In the Jim Crow era, where white and black students attended separate schools, the "Negro Elementary and High School" housed black students. Construction began and ended in 1938 and 1939, respectively. The Public Works Administration (PWA) was involved in the building of this school.

==Demographics==

===2006-07 school year===
There were a total of 3,356 students enrolled in the Oxford School District during the 2006–2007 school year. The gender makeup of the district was 50% female and 50% male. The racial makeup of the district was 43.65% African American, 49.70% White, 2.18% Hispanic, 4.32% Asian, and 0.15% Native American. 41.9% of the district's students were eligible to receive free lunch.

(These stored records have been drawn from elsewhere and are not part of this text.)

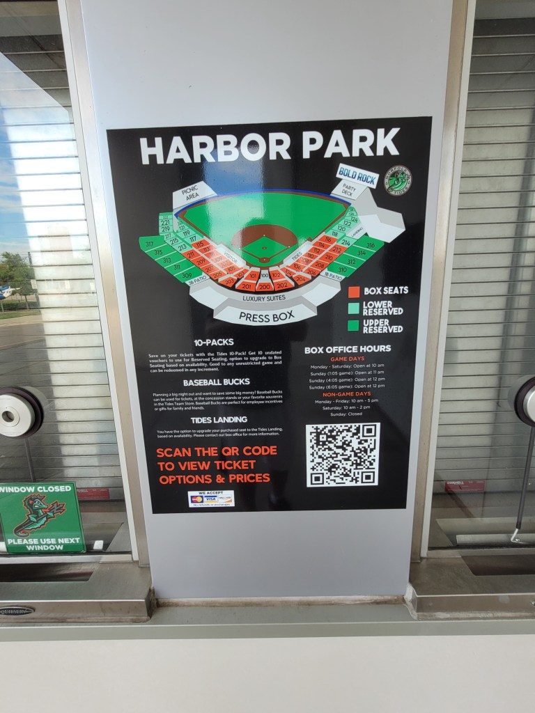I mentioned that the Boathouse was behind Harbor Park. Harbor Park is home to the Norfolk Tides, now a minor league baseball affiliate of the Baltimore Orioles. When I was living in Virginia in the late 1990s, the New York Mets were the parent club of the Tides. I had a friend who worked at the park, so I got to see games for free. I would sit down behind home plate and watch the AAA Mets every chance I got. I met and befriended a Mets scout and even considered becoming a scout at one point. The park is still there and thriving and they have made some incredible infrastructural improvements to the area. Here are some photos from my walk around the park (no game due to All Star break).
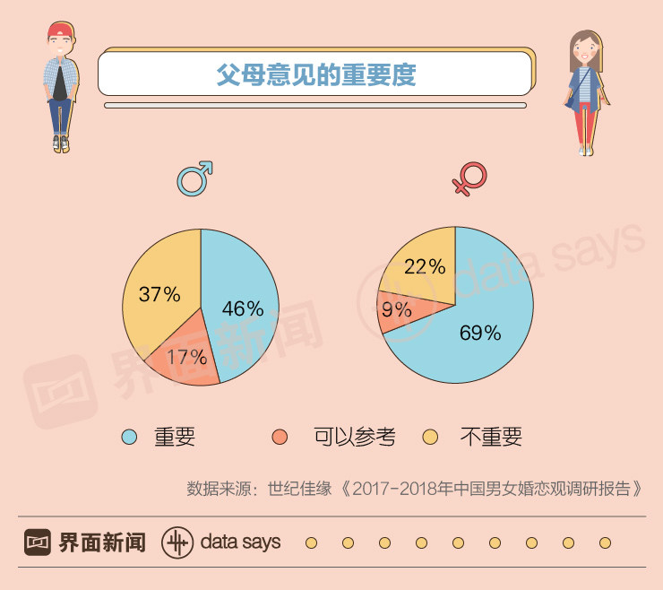 当相亲对象的各方面条件都已满足自己的要求时,近七成的女性会去征求父母的意见,并把他们的意见摆在十分重要的位置。此外,只有不到一半的男性认为父母的意见很重要,近四成认为不重要。
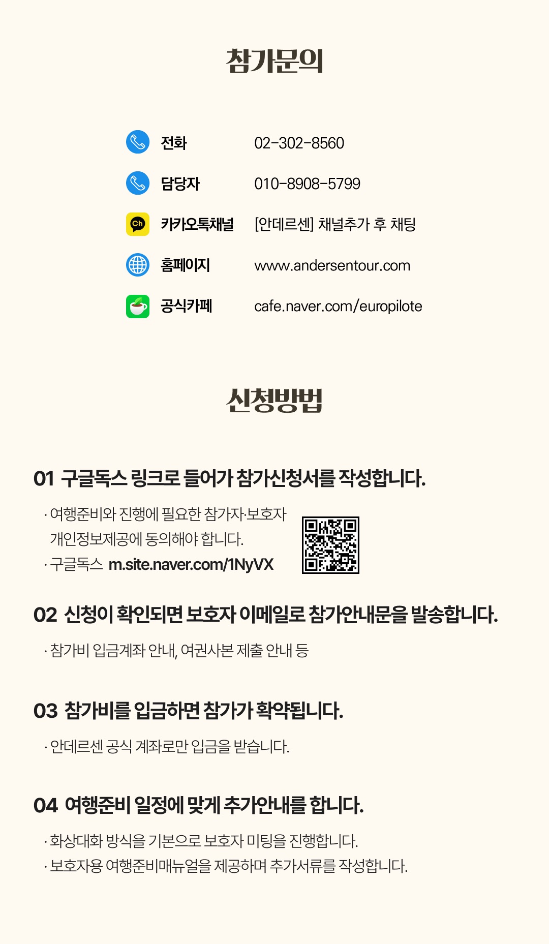 상세한 여행준비를 위해 구글 참가신청서를 작성해주셔야 합니다. 구글독스 참가신청서를 작성하지 않으면 정상적으로 예약이 접수되지 않습니다. 클릭하면 바로 구글 참가신청서로 연결됩니다.
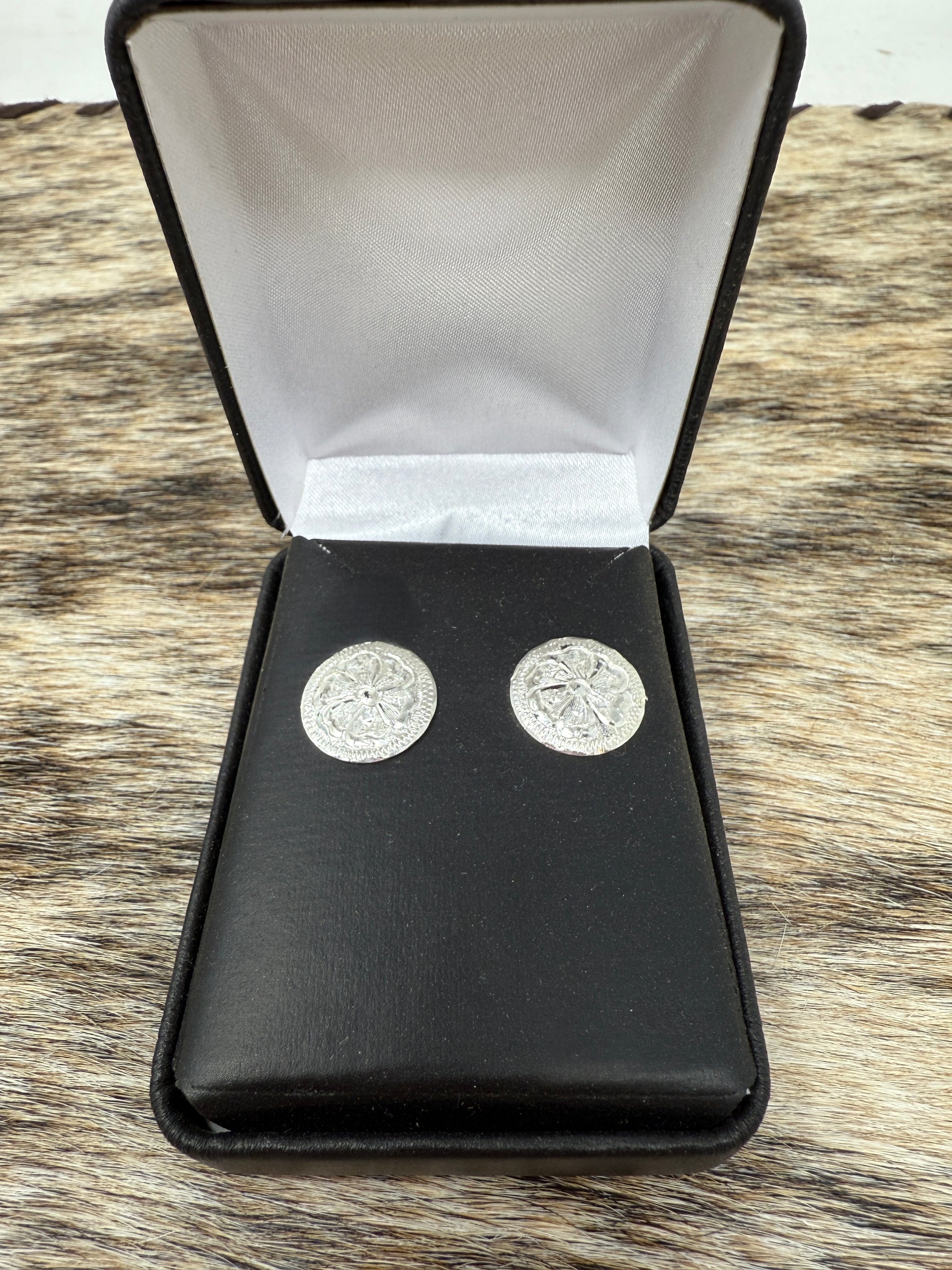 Custom sterling silver engraved round floral earrings available in 2 sizes
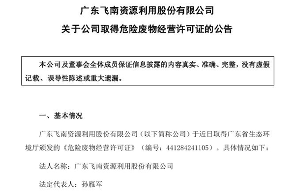 2024年11月7日,广东飞南资源利用股份有限公司发布《关于公司取得危险废物经营许可证的公告》。图源:飞南资源公告 公告称,飞南资源于近日取得广东省生态环境厅颁发的《危险废物经营许可证》 编号:441284241105)。 法人名称:广东飞南资源利用股份有限公司 法定代表人:孙雁军 住所:四会市罗源镇罗源工业园 经营设施地址...
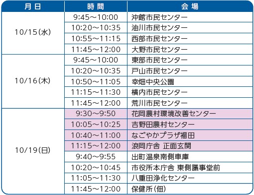 ◇令和7年度秋・狂犬病予防集合注射日程一覧
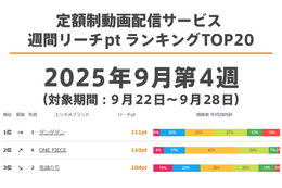 定額制動画配信サービス 週間リーチptランキングTOP20【最新週】
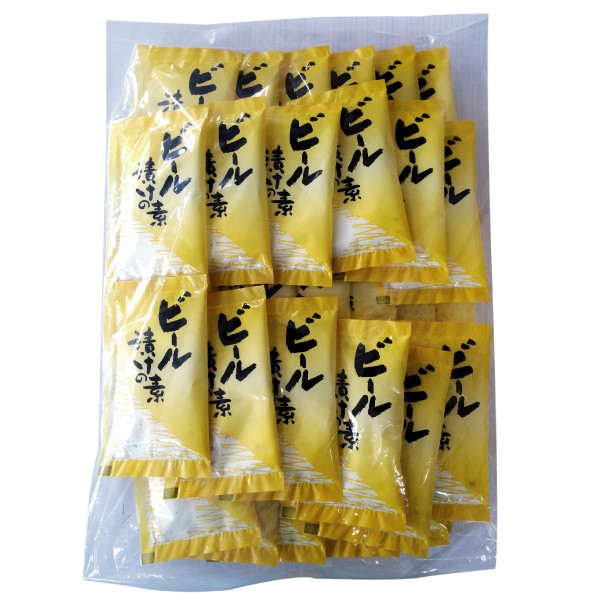 ビールを加えて作る粉末タイプの漬け物の素です。約一日漬けるだけで、甘くてビールのほろ苦い風味がほのかに香るおつまみやおかずとしても美味しい漬け物が出来上がります。北海道産昆布で味に深みを加え、唐辛子でピリッと味を引き締めています。繊維分解酵素を入れているため、野菜に味が浸透しやすくなっています。また、分包タイプで使い切りができ、場所も要らず経済的で臭気や手の汚れもありません。

===Previous school years===

| School Year | Enrollment | Gender Makeup |  | Racial Makeup |  |  |  |  |
| Female | Male | Asian | African American | Hispanic | Native American | White |
| 2007-08 | 3,360 | 48% | 52% | 4.17% | 42.32% | No Data | No Data | 50% |
| 2006-07 | 3,356 | 50% | 50% | 4.32% | 43.65% | 2.18% | 0.15% | 49.70% |
| 2005-06 | 3,320 | 50% | 50% | 4.13% | 44.55% | 2.02% | 0.12% | 49.19% |
| 2004-05 | 3,169 | 50% | 50% | 3.72% | 45.69% | 1.61% | 0.22% | 48.75% |
| 2003-04 | 3,118 | 49% | 51% | 3.40% | 44.68% | 1.64% | 0.16% | 50.13% |
| 2002-03 | 3,198 | 49% | 51% | 3.38% | 42.68% | 1.66% | 0.13% | 52.16% |

==Accountability statistics==

|  | 2006-07 | 2005-06 | 2004-05 | 2003-04 | 2002-03 |
| District Accreditation Status | Accredited | Accredited | Accredited | Accredited | Accredited |
School Performance Classifications
| Level 5 (Superior Performing) Schools | 2 | 2 | 2 | 3 | 2 |
| Level 4 (Exemplary) Schools | 1 | 2 | 2 | 1 | 1 |
| Level 3 (Successful) Schools | 1 | 0 | 0 | 0 | 1 |
| Level 2 (Under Performing) Schools | 0 | 0 | 0 | 0 | 0 |
| Level 1 (Low Performing) Schools | 0 | 0 | 0 | 0 | 0 |
| Not Assigned | 1 | 1 | 1 | 1 | 1 |

== District Report Card ==
The Mississippi Statewide Accountability System provides performance ratings of A, B, C, D, and F for public school districts in the state, with A as the highest score and F as the lowest. These ratings are based on established standards such as " student achievement, individual student growth, graduation rate, and participation rate." Data is available from the 2017-2018 school year until the 2020-2021 school year.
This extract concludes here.